• **Work instruction**
Copy, with no pictures, the line that contains "Honorine de Brabant, discovered" and each line after it down to the end of the entries below, exactly.

Data excerpts START

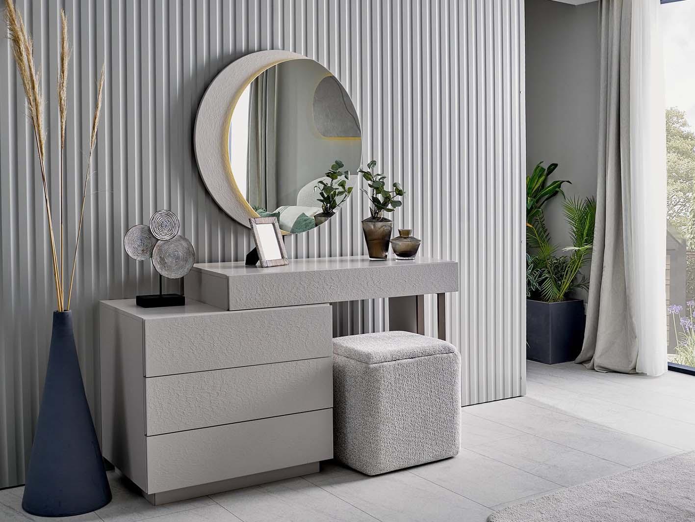 تأتي التسريحة مع مرآة مستديرة تضيف بعدًا جماليًا للمكان. كما أن تصميمها العملي يوفر لك مساحة مثالية للعناية اليومية.
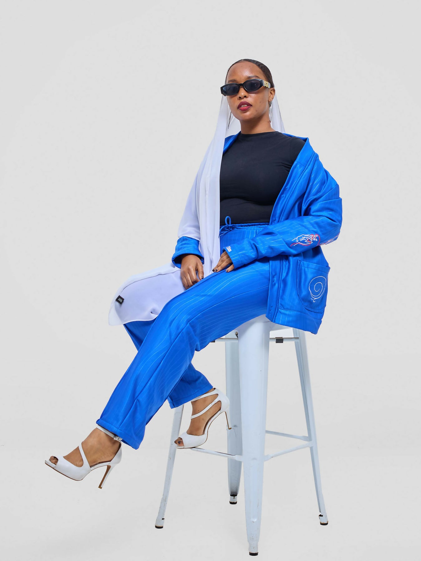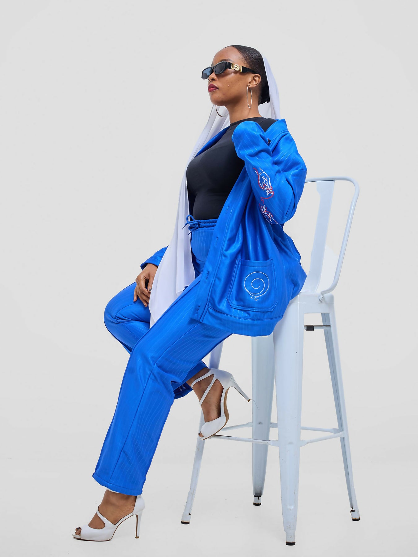 Pair with its matching clam-style pants or layer over an all-black base to let the embroidery pop.
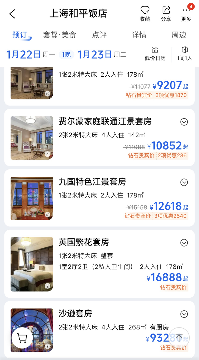 此外,上海和平饭店最贵套房“沙逊套房”平日预订价格为93280元/晚,1月11日晚入住的房间已被预订;周末为93820元/晚,除夕、情人节的价格为116600元/晚,目前仍可预订。
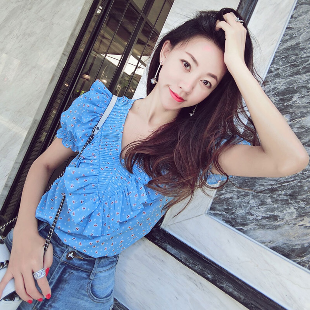♥新品 ブラウス Vネックブルー♥カワイイ♥スリーブシャツブラウス スウィート 韓国系 ガーリー お呼ばれ カジュアル フェミニン エレガント 同窓会 女子会 海 食事会 合コン パーティー BB0690988 | miel style clothing
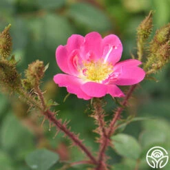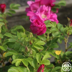 Honorine de Brabant, discovered in 1916, is one of the most popular of the old, striped roses blooming pale pink to lilac, striped with purple and crimson. Her flowers smell of a delightful raspberry and are produced in great numbers in both fall and spring with a scattering in summer months. Honorine de Brabant is a large, bushy plant with double cupped and quartered blooms set against light green foliage. She thrives in zones 6-10.
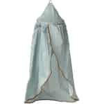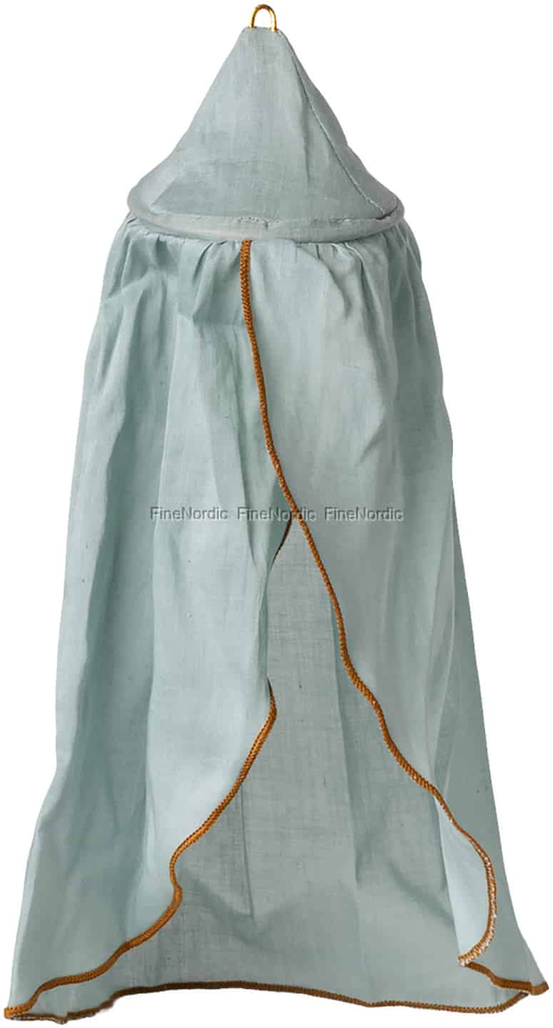 Det er disse gennemtænkte detaljer, der vækker Mailegs verden til live. Sengehimlen hænger let fra sin lille guldstrop, klar til at blive placeret over en vugge, en seng eller endda et hyggeligt hjørne fyldt med bittesmå puder. Det er en genstand, der inviterer dig til at sætte farten ned, skabe en smuk scene og se, hvordan nye historier og magiske øjeblikke opstår fra de mest enkle tilføjelser.

Data excerpts END

• **Reply to the task**
 Honorine de Brabant, discovered in 1916, is one of the most popular of the old, striped roses blooming pale pink to lilac, striped with purple and crimson. Her flowers smell of a delightful raspberry and are produced in great numbers in both fall and spring with a scattering in summer months. Honorine de Brabant is a large, bushy plant with double cupped and quartered blooms set against light green foliage. She thrives in zones 6-10.
 Det er disse gennemtænkte detaljer, der vækker Mailegs verden til live. Sengehimlen hænger let fra sin lille guldstrop, klar til at blive placeret over en vugge, en seng eller endda et hyggeligt hjørne fyldt med bittesmå puder. Det er en genstand, der inviterer dig til at sætte farten ned, skabe en smuk scene og se, hvordan nye historier og magiske øjeblikke opstår fra de mest enkle tilføjelser.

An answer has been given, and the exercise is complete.